+++ Dataset excerpt

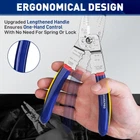 All-in-One Tool: Versatile wire stripper for both insulated and non-insulated terminals. Performs multiple functions including wire stripping, looping, crimping, cutting, splitting, and clamping Stripping Capacity: Efficiently strips and crimps wires ranging from 10-22 AWG, making it suitable for a wide variety of tasks High-Quality Construction: This 8-inch wire stripper is made from high-grade stainless steel, ensuring durability and rust resistance. It undergoes overall heat treatment, achieving an HRC hardness of 56-58 for enhanced strength Ergonomic Design: Features a curved, non-slip handle for a comfortable and secure grip, reducing hand fatigue during extended use Wide Range of Applications: Ideal for industrial, electrician, and household projects. Suitable for handling copper, aluminum, sheathed core wires, cables, multiple sheathed wires, and bare terminals Product Description Wire Crimping Tools & Pliers Wire Stripper WORKPRO CUTTER 8" Length 8" Stainless Steel Material Stainless Steel Ergonomic Grip Stripper Cutter Crimper 8" Length 9.5" Stainless Steel Material 55-65 HRC steel Ergonomic Grip Stripper Cutter Crimper Wire Stripper Wire Crimper
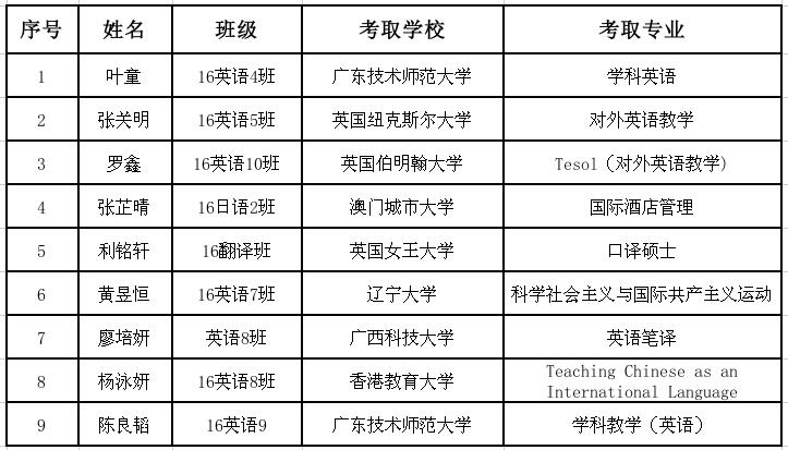 在2020年全国硕士研究生招生考试中,太阳成集团tyc16级员工创建院以来最佳战绩,有9名员工顺利通过研究生考试,被国内外著名高校录取,继续深造。
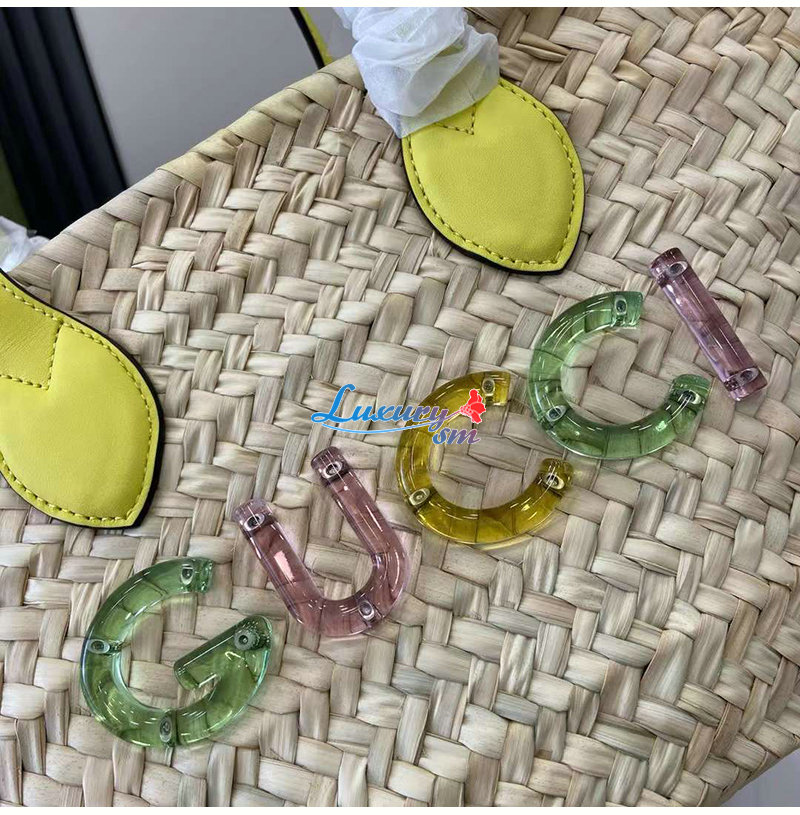 천연 우븐 스트로우 / 옐로우 가죽 트리밍
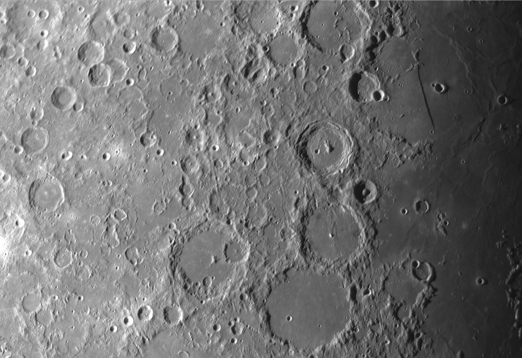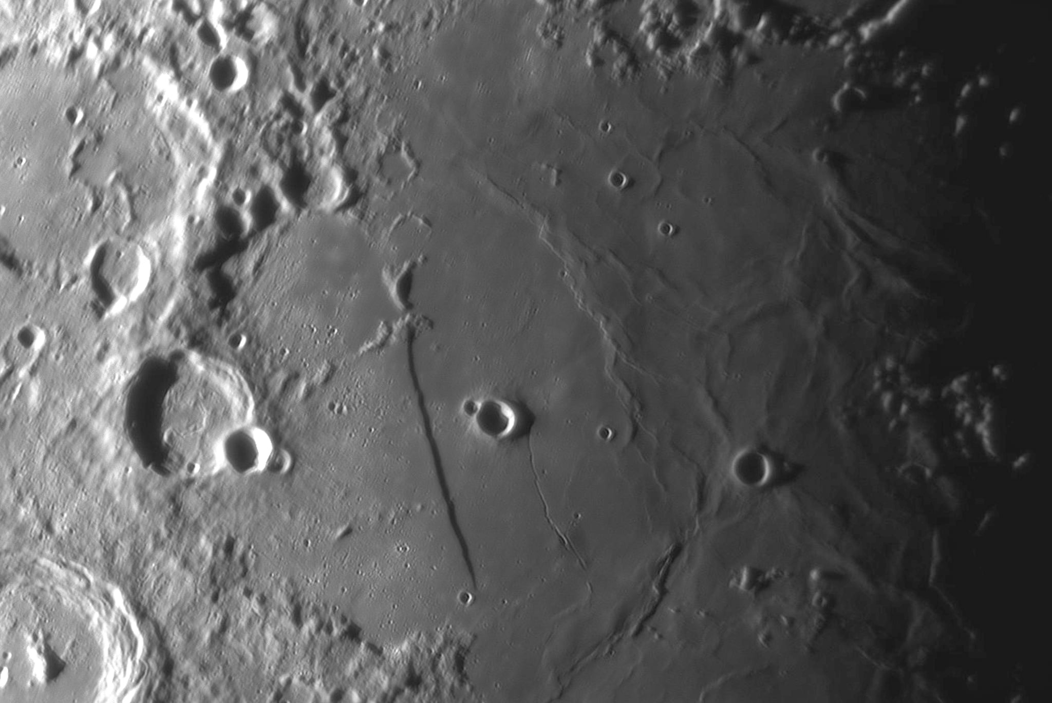 Die große chinesische Mauer ist vom Weltraum aus von Astronauten zu sehen. Diese Aussage wird oft verbreitet, stimmt aber nicht. Obwohl sie mit 6.620 Kilometer das längste Bauwerk der Welt ist gelingt es nicht sie von der internationalen Raumstation aus zu beobachten. Die Astronauten berichten aber das sie die Grenze von Süd- zu Nordkorea leicht erkennen können. Allerdings in der Nacht, während Südkorea hell erleuchtet ist herrscht in Nordkorea Dunkelheit. Eine „Mauer“ die aber von der Erde aus auf dem Mond zu erkennen ist ist Rupes Recta. Auch als lange Wand bezeichnet befindet sie sich im Mare Nubium (dem Wolkenmeer). Die Stufe hat einen Höhenunterschied von bis zu 500 Meter, ist 3 Kilometer breit – aber 116 Kilometer lang. Wenn der Mondschatten in seiner monatlichen Wanderung über unseren Trabanten streift ist die lange Wand in der Nähe der Schattengrenze schon in kleinen Teleskopen zu sehen. Würde man vor der langen Wand in seinem Raumanzug stehen sieht man einen Steilhang mit 30 Grad Neigung und 500 Metern Höhe! Er würde sich bis zu beiden Seiten des Horizonts ziehen und dann dahinter verschwinden. Ein imposanter Anblick! Solche Steilhänge entstehen als Reste von Kratergebirgen oder eher hier wahrscheinlich als Bodenabsenkung infolge des Mare Imbriums Einschlages. Zwei große Krater sind zu sehen. Links Krater Thebit mit 55 Kilometern Durchmesser liegt er am Rande des Wolkenmeers.Rechts von der langen liegt mit 16 Kilometern der Krater Bird. Doch noch eine Besonderheit sieht man in diesem Bild. Links und rechts der langen Wand sieht man sanfte Hügel. Mit Birt dome und Thebit domes gibt es hier seltene Erscheinungen der vulkanischen Aktivität auf dem Mond. Domes sind nichts anderes als die auf der Erde vorkommenden Schildvulkane. Und so zeigt unser dieser kleine Bildauschnitt die gewaltigen Kräfte die planetare Körper bildeten – Rillen aus epischen Einschlägen und Vulkanausbrüche, die Welten formten.

++++++

Work to complete
Send back every line of the listing exactly. Omit the images.

Reply to the task
 All-in-One Tool: Versatile wire stripper for both insulated and non-insulated terminals. Performs multiple functions including wire stripping, looping, crimping, cutting, splitting, and clamping Stripping Capacity: Efficiently strips and crimps wires ranging from 10-22 AWG, making it suitable for a wide variety of tasks High-Quality Construction: This 8-inch wire stripper is made from high-grade stainless steel, ensuring durability and rust resistance. It undergoes overall heat treatment, achieving an HRC hardness of 56-58 for enhanced strength Ergonomic Design: Features a curved, non-slip handle for a comfortable and secure grip, reducing hand fatigue during extended use Wide Range of Applications: Ideal for industrial, electrician, and household projects. Suitable for handling copper, aluminum, sheathed core wires, cables, multiple sheathed wires, and bare terminals Product Description Wire Crimping Tools & Pliers Wire Stripper WORKPRO CUTTER 8" Length 8" Stainless Steel Material Stainless Steel Ergonomic Grip Stripper Cutter Crimper 8" Length 9.5" Stainless Steel Material 55-65 HRC steel Ergonomic Grip Stripper Cutter Crimper Wire Stripper Wire Crimper
 在2020年全国硕士研究生招生考试中,太阳成集团tyc16级员工创建院以来最佳战绩,有9名员工顺利通过研究生考试,被国内外著名高校录取,继续深造。
 천연 우븐 스트로우 / 옐로우 가죽 트리밍
 Die große chinesische Mauer ist vom Weltraum aus von Astronauten zu sehen. Diese Aussage wird oft verbreitet, stimmt aber nicht. Obwohl sie mit 6.620 Kilometer das längste Bauwerk der Welt ist gelingt es nicht sie von der internationalen Raumstation aus zu beobachten. Die Astronauten berichten aber das sie die Grenze von Süd- zu Nordkorea leicht erkennen können. Allerdings in der Nacht, während Südkorea hell erleuchtet ist herrscht in Nordkorea Dunkelheit. Eine „Mauer“ die aber von der Erde aus auf dem Mond zu erkennen ist ist Rupes Recta. Auch als lange Wand bezeichnet befindet sie sich im Mare Nubium (dem Wolkenmeer). Die Stufe hat einen Höhenunterschied von bis zu 500 Meter, ist 3 Kilometer breit – aber 116 Kilometer lang. Wenn der Mondschatten in seiner monatlichen Wanderung über unseren Trabanten streift ist die lange Wand in der Nähe der Schattengrenze schon in kleinen Teleskopen zu sehen. Würde man vor der langen Wand in seinem Raumanzug stehen sieht man einen Steilhang mit 30 Grad Neigung und 500 Metern Höhe! Er würde sich bis zu beiden Seiten des Horizonts ziehen und dann dahinter verschwinden. Ein imposanter Anblick! Solche Steilhänge entstehen als Reste von Kratergebirgen oder eher hier wahrscheinlich als Bodenabsenkung infolge des Mare Imbriums Einschlages. Zwei große Krater sind zu sehen. Links Krater Thebit mit 55 Kilometern Durchmesser liegt er am Rande des Wolkenmeers.Rechts von der langen liegt mit 16 Kilometern der Krater Bird. Doch noch eine Besonderheit sieht man in diesem Bild. Links und rechts der langen Wand sieht man sanfte Hügel. Mit Birt dome und Thebit domes gibt es hier seltene Erscheinungen der vulkanischen Aktivität auf dem Mond. Domes sind nichts anderes als die auf der Erde vorkommenden Schildvulkane. Und so zeigt unser dieser kleine Bildauschnitt die gewaltigen Kräfte die planetare Körper bildeten – Rillen aus epischen Einschlägen und Vulkanausbrüche, die Welten formten.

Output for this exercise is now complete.